:: Data for analysis
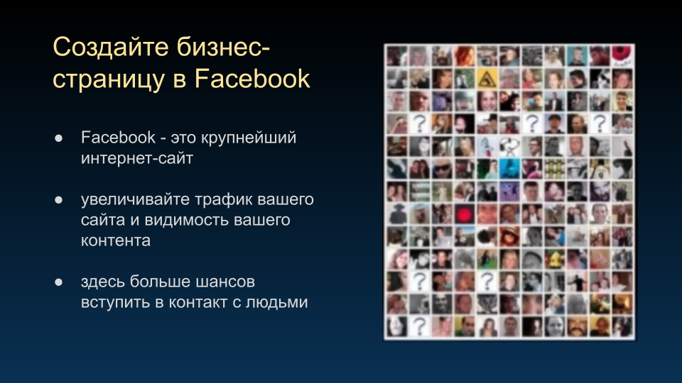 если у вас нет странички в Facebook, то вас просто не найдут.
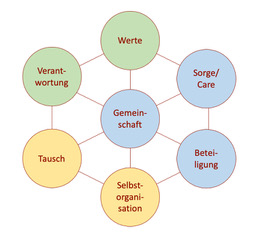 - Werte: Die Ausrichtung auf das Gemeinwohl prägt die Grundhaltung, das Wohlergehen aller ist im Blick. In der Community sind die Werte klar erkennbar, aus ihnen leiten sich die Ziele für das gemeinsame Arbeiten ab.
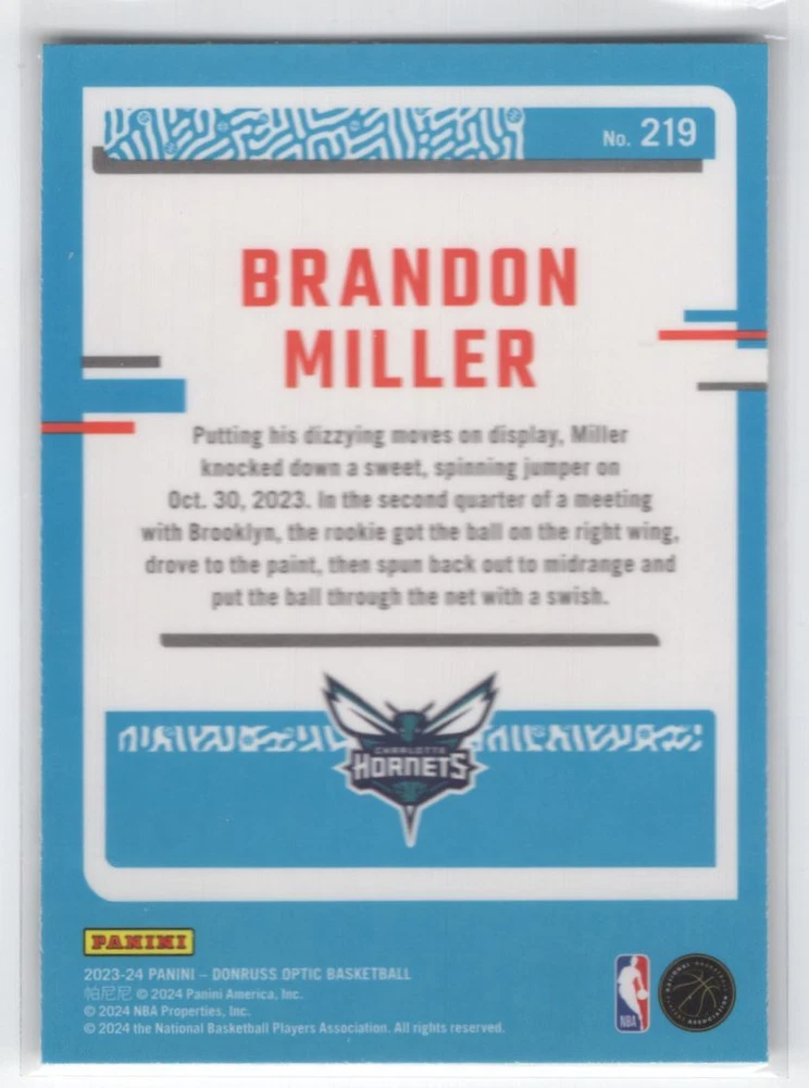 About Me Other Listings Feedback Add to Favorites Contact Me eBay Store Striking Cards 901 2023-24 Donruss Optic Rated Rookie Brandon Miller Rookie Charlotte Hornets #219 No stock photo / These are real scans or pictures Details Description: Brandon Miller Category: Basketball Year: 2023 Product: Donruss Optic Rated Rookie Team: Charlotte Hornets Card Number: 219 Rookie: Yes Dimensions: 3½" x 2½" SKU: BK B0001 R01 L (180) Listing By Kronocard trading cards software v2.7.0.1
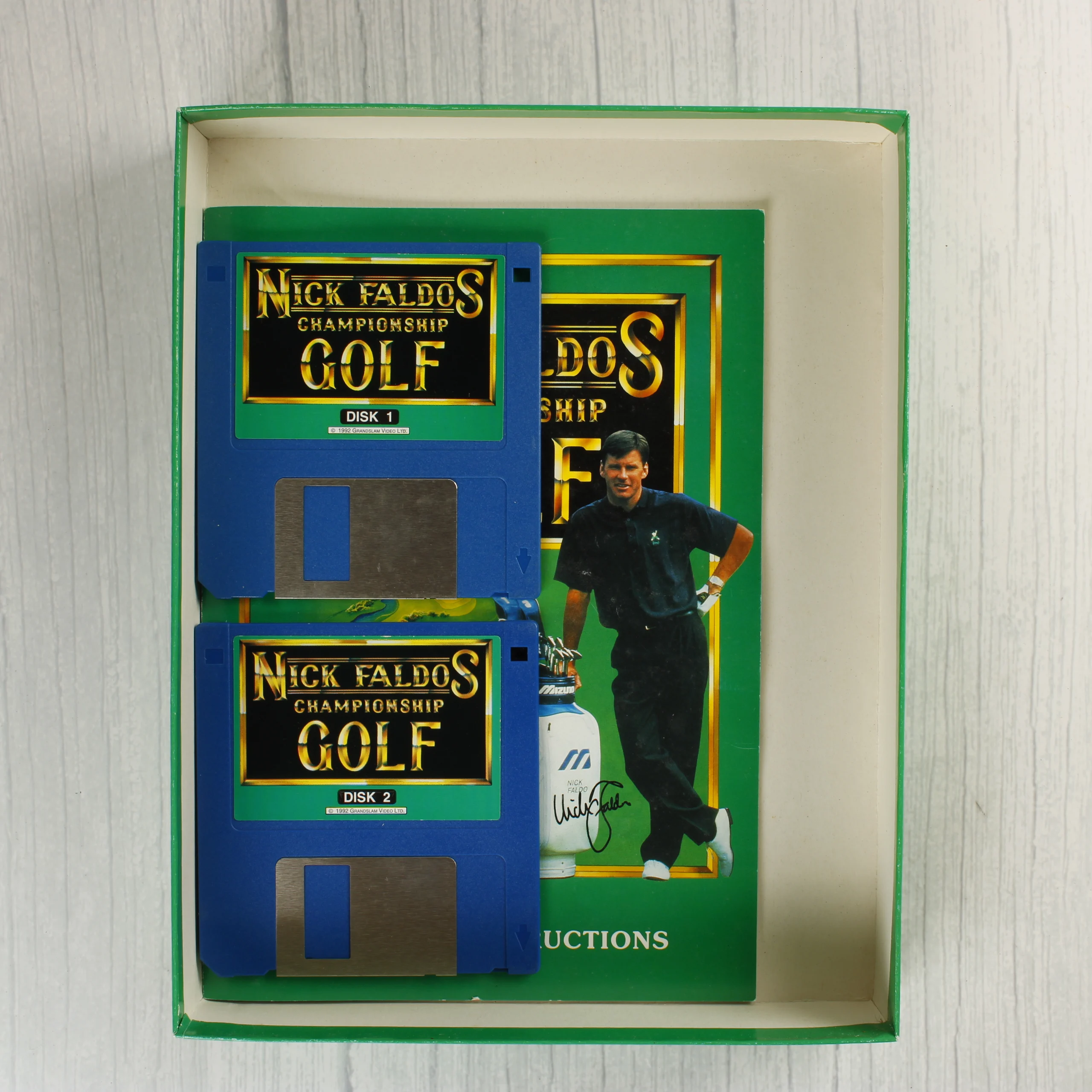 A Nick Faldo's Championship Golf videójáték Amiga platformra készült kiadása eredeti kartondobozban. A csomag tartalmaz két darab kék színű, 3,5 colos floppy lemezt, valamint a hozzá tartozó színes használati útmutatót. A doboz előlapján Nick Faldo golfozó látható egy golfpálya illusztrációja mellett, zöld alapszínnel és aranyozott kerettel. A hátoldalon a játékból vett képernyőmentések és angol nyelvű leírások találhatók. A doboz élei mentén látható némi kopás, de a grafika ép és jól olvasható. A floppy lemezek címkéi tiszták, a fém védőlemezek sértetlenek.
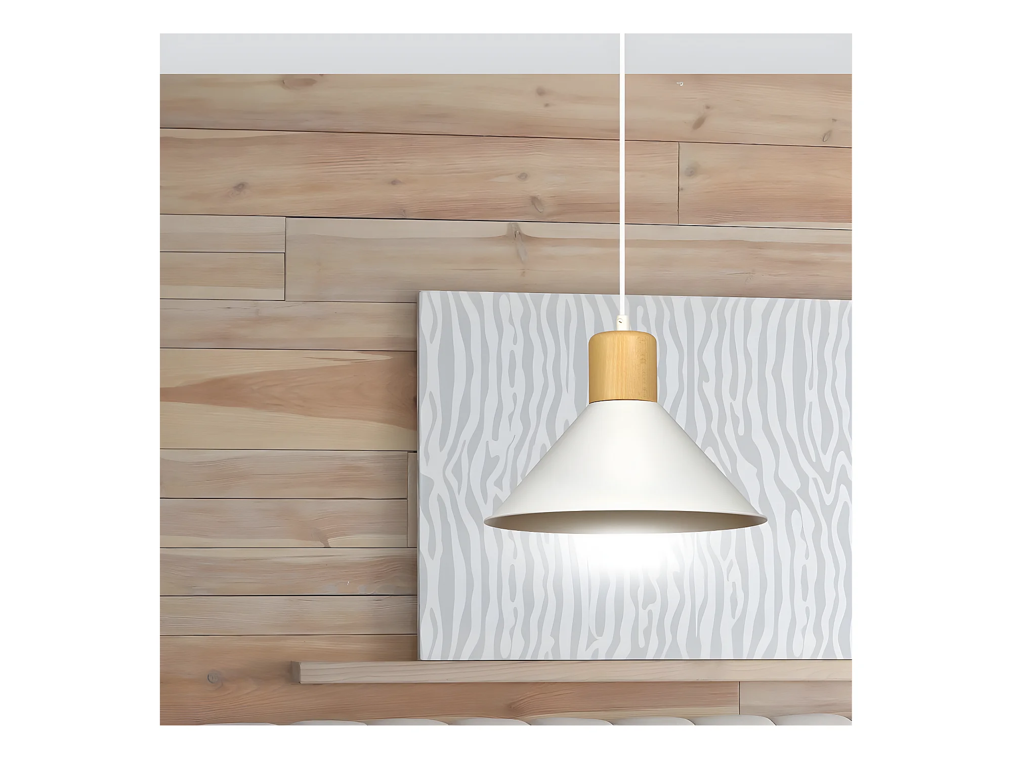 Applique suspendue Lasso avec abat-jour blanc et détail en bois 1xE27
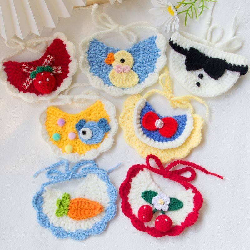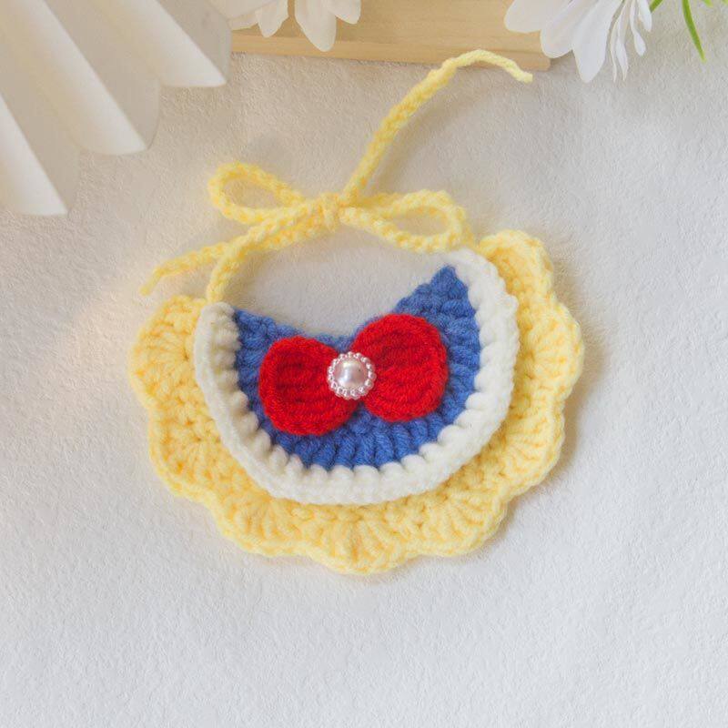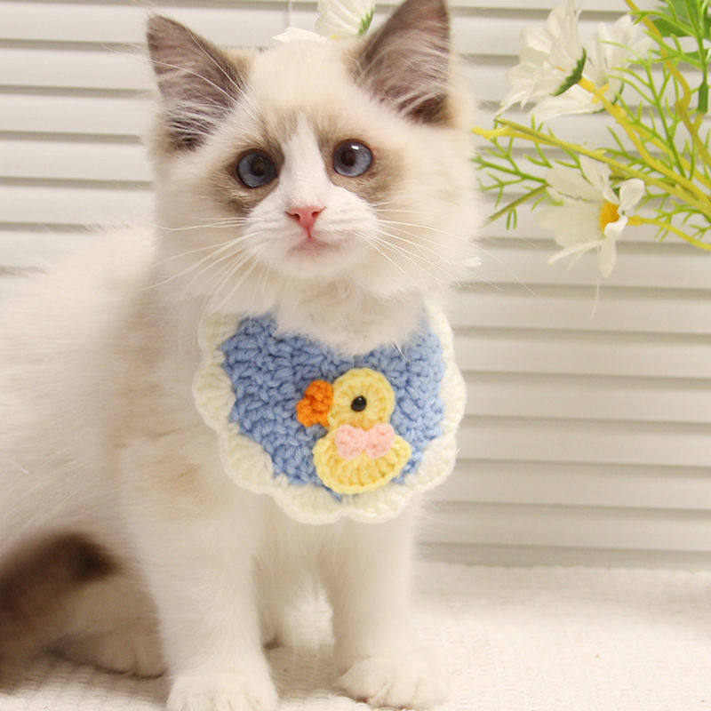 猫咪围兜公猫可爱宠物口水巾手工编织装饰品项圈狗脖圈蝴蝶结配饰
::::
* [What you should do]:
Without any picture, return exactly the lines of the records above from the first through the line that contains "About Me Other".

* [Task response]:
 если у вас нет странички в Facebook, то вас просто не найдут.
 - Werte: Die Ausrichtung auf das Gemeinwohl prägt die Grundhaltung, das Wohlergehen aller ist im Blick. In der Community sind die Werte klar erkennbar, aus ihnen leiten sich die Ziele für das gemeinsame Arbeiten ab.
 About Me Other Listings Feedback Add to Favorites Contact Me eBay Store Striking Cards 901 2023-24 Donruss Optic Rated Rookie Brandon Miller Rookie Charlotte Hornets #219 No stock photo / These are real scans or pictures Details Description: Brandon Miller Category: Basketball Year: 2023 Product: Donruss Optic Rated Rookie Team: Charlotte Hornets Card Number: 219 Rookie: Yes Dimensions: 3½" x 2½" SKU: BK B0001 R01 L (180) Listing By Kronocard trading cards software v2.7.0.1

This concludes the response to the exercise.